This entry was sparked by a sentence in an excellent New Yorker piece by Thomas A. Bass called “The Spy Who Loved Us” (unfortunately not online here [archived], but you can get a summary here). It’s about Pham Xuan An, who served simultaneously as a Time correspondent in Saigon and a high-ranking North Vietnamese spy, and the sentence in question is this: “Dominating the far end of the room is an altar covered with flowers, bowls of fruit, and four hand-tinted photographs of Mai Chi Tho’s parents and his two famous brothers: Dinh Duc Thien, the two-star general who helped build the Ho Chi Minh Trail, and Le Duc Tho, the Nobel Peace Prize winner who snookered Henry Kissinger at the Paris Peace Accords.”
Before I continue, I have to explain how Vietnamese names work. Fortunately, this site has done it for me, so all I have to do is quote:
Vietnamese names put the family name first followed by the middle and given names. Take Pham Van Duc, for example, Pham is the family name or what we call the last name. Van is the individual’s middle name, and Duc is the given or first name.
Vietnam has about 300 family or clan names. The most common are Le, Pham, Tran, Ngo, Vu, Do, Dao, Duong, Dang, Dinh, Hoang and Nguyen—the Vietnamese equivalent of Smith. About 50 percent of Vietnamese have the family name Nguyen.

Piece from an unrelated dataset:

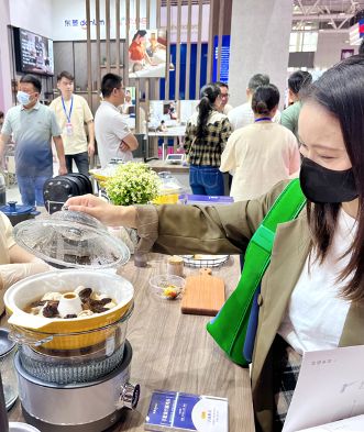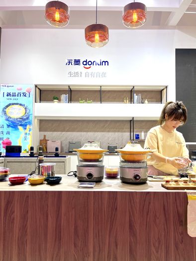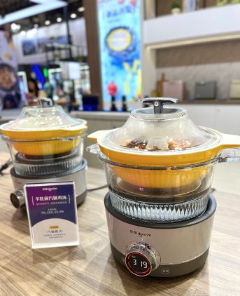 展會(huì)期間,東菱邀請了專業(yè)美食達(dá)人現(xiàn)場復(fù)刻汽鍋雞湯。通過蒸汽鍋的“汽鍋模式”,達(dá)人自制兩道夏日時(shí)令靚湯:羊肚菌汽鍋雞湯、鮑魚汽鍋排骨湯。利用蒸汽烹飪,食材無需加一滴水,開放式廚房場景設(shè)計(jì)讓觀眾直觀地看到“蒸汽循環(huán)慢慢凝結(jié)成精華湯汁”的過程。

The given name, which appears last, is the name used to address someone, preceded by the appropriate title. Nguyen Van Lu, for example, would be called Mr. Lu.

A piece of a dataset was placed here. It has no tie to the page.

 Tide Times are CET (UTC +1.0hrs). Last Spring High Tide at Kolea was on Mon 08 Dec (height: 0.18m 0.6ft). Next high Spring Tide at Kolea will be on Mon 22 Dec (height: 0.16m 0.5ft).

The only notable exception to the last rule is Ho Chi Minh, known as President (or Uncle) Ho. (On the other hand, Duong Van Minh, the last president of South Vietnam, was General Minh, or “Big Minh.”) Of course, Ho was not his original family name (it was Nguyen), which brings up the other important issue, that of noms de guerre. No self-respecting revolutionary (aside from Mao) uses his or her birth name, so the family relationships among Communists are often not apparent on the surface. The sentence I quoted from the New Yorker article is a sterling example; it turns out (after much digging) that their family name is not Mai, Dinh, or Le, but rather Phan: Le Duc Tho was originally Phan Dinh Khai, Dinh Duc Thien was Phan Dinh Dinh (found here), and Mai Chi Tho was apparently Phan Dinh Dong (only here, in the not very clear entry “Mai Chi Tho Phan Ðinh Ðông, Hôi ky, tomes 1 et 2, nhà xuât-ban Tre 2001″—but it’s gotta be him, right?). I wonder whether the legendary New Yorker fact-checkers went to all that trouble? Nah, they probably have a book that lists all Vietnamese public figures with birth names and pseudonyms. I’m jealous.
(Oh, one other thing: Vietnamese has two d’s, one plain and one with a bar through it; the latter is like an English d, but the former is pronounced y in the south and z in the north, so that Ngo Dinh Diem, really Ngô Đình Diệm, is /ŋo din yiəm/ in the south and /ŋo din ziəm/ in the north. It’s a truly annoying bit of alphabet creation; thanks a lot, 17th-century missionaries!)
Update (Sept. 2025). Mai Chi Tho now has his own Wikipedia article (in Vietnamese), which confirms that his real name was Phan Đình Đống. As for the legendary New Yorker fact-checkers, we discussed them here. (Also, I’m deeply impressed that a couple of the URLs above still work after two decades.)